Can You Trust this Stock Market? Warning Signs Grow.

Courtesy of Pam Martens

Wall Street Bull Statue in Lower Manhattan

Wall Street Bull Statue in Lower Manhattan

Some of the same warning signs that emerged before the 1929 to 1933 market crash, the tech mania crash of 2000, and the epic Wall Street meltdown of 2008 are flashing red.

If you have significant amounts of your 401(k) invested in equity mutual funds (that is, those invested in stocks), it’s time to take an objective appraisal of today’s market versus historic benchmarks.

This is also a good time to remember that markets have lost as much as 50 percent of their value from peak to trough in the last 20 years. If that’s more pain than you’re prepared to suffer, it may be time to trim back your exposure.

We’ll get to the specifics on today’s market shortly, but first some necessary background.

In the market crash of 1929 to 1933, the stock market lost 90 percent of its value. It did not return to the level of 1929 until 1954 – a quarter of a century later.

There is some basis to speculate that the bear market of October 2007 to March 2009, which included the epic Wall Street crash of 2008, would have produced far more serious pain than the 50 percent retracement in the S&P 500 that did occur – perhaps pain on the level of 1929 to 1933 – had it not been for the secret $16 trillion in almost zero-interest loans that the Federal Reserve Bank of New York sluiced into the major brokerage firms on Wall Street — which was on top of the hundreds of billions of dollars in bailout funds that were authorized by Congress.
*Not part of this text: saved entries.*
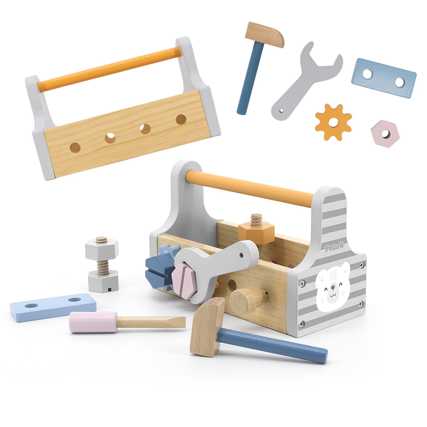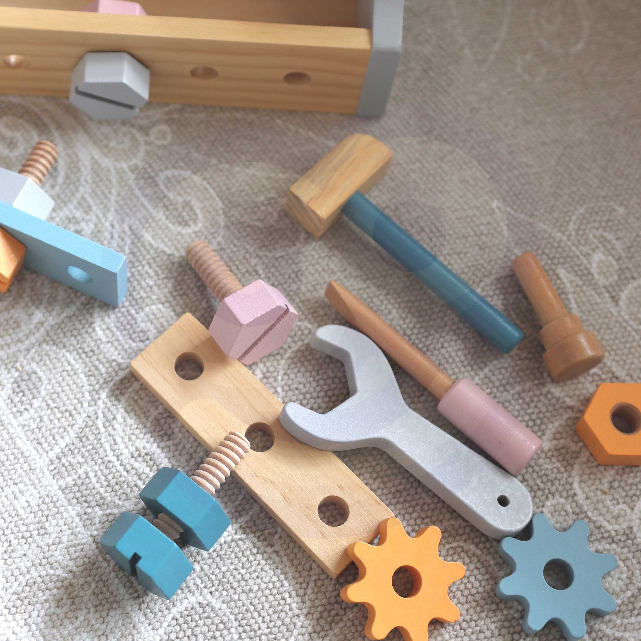 VIGA PolarB Drewniana Skrzynka z Narzędziami to idealny zestaw dla małych majsterkowiczów! Drewniane, bezpieczne narzędzia w pastelowych kolorach rozwijają zdolności manualne i wyobraźnię malucha. Edukacja i zabawa w jednym — daj swojemu dziecku najlepszy start!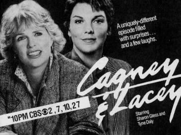 Cagney & Lacey stars Sharon Gless as slim, blond Chris Cagney, the one in the nice sweaters, and Tyne Daly as dumpy little Mary Beth Lacey, the Irish yente with the flat-footed waddle and endlessly nagging voice. Lacey is always trying to adopt abandoned babies; she's a homey kind of gal, with a husband names Harvey keeping the lasagna warm back in Queens. Cagney, on the other hand, is a tough, independent soul who dates classy playwrights in white scarves. What a wacky pair!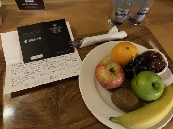 Dárek: Talíř s ovocem. Skvělé byly především datle. Ručně psaný uvítací dopis je rovněž k vidění někde od Fairmontu výše.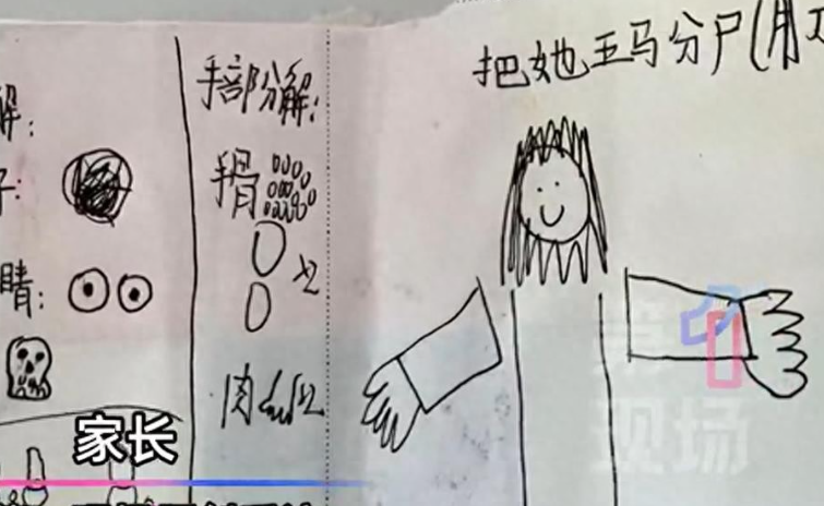 据第一现场报道,11月3日,江苏南通,有家长称在检查女儿书包时,发现一幅内容诡异恐怖的画,纸张还写着"解剖图""把她五马分尸"等字样。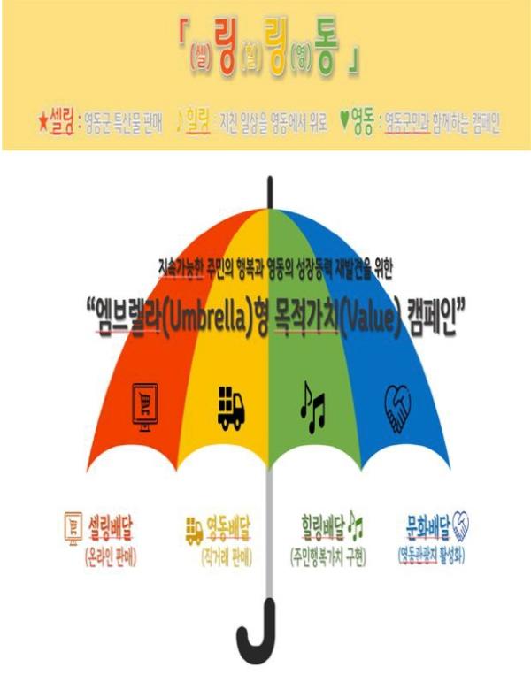 링링동 프로젝트는‘영동의 행복’,‘군민의 기쁨’이라는 주제로, 과일의 고장의 매력이 가득한 농특산물 판매와 다양한 문화행사들이 지역경제를 살리고 특별한 즐거움을 준다.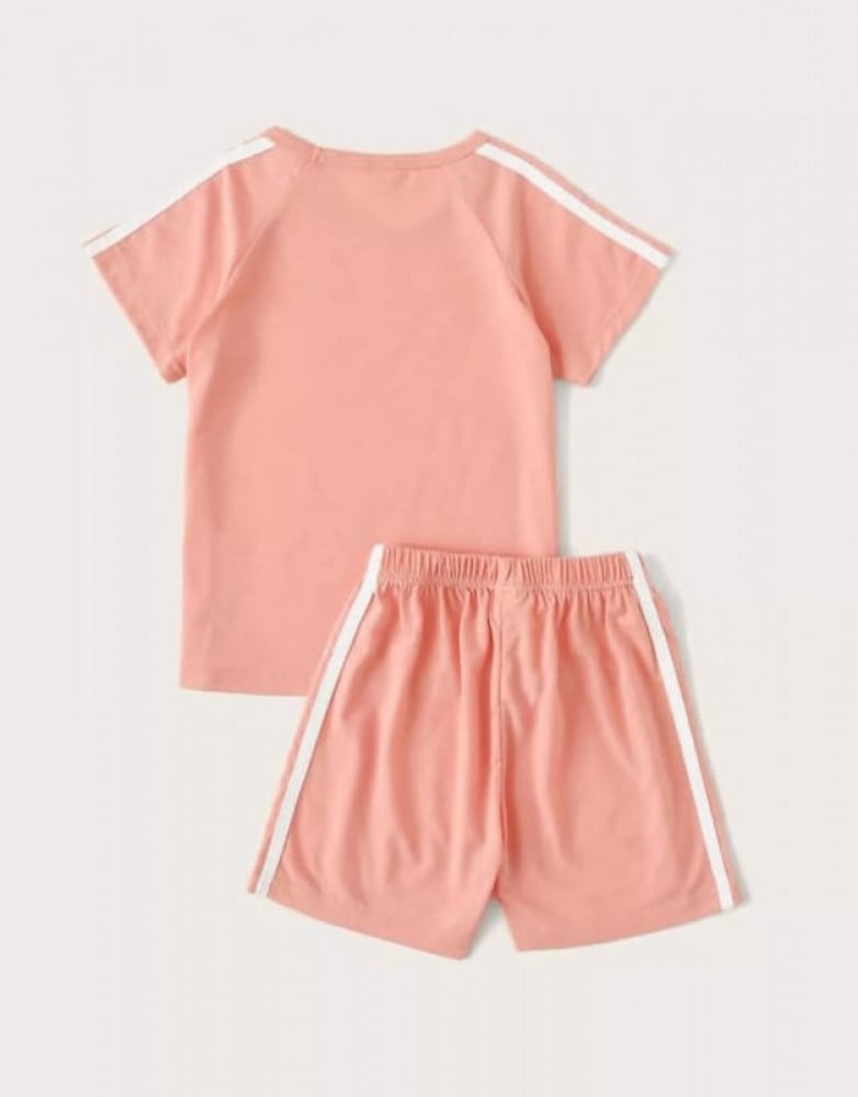 بيجامة بناتي برباط خصر وبشريط متباين ، لون وردي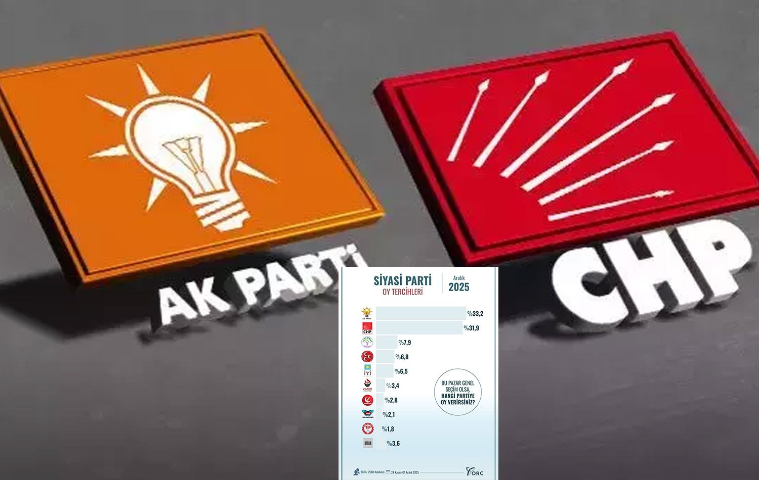 Haber Merkezi - ORC Araştırma Şirketi, 28 Kasım - 1 Aralık 2025 tarihleri arasında gerçekleştirdiği son genel seçim anketinin sonuçlarını kamuoyuyla paylaştı.

In a March 3, 2015 Senate Banking Committee hearing, Senator Elizabeth Warren had this to say about the secret loans made by the Fed:

“Now, let’s be clear, those Fed loans were a bailout too. Nearly all the money went to too-big-to-fail institutions. For example, in one emergency lending program, the Fed put out $9 trillion and over two-thirds of the money went to just three institutions: Citigroup, Morgan Stanley and Merrill Lynch.

“Those loans were made available at rock bottom interest rates – in many cases under 1 percent. And the loans could be continuously rolled over so they were effectively available for an average of about two years.”

You can read the Government Accountability Office (GAO) report on the matter here.

There has been far too little Congressional and media interest in why the Fed would pump $9 trillion of its $16 trillion in loans to just three Wall Street institutions. Those three institutions had one thing in common – they held massive amounts of margined trading accounts.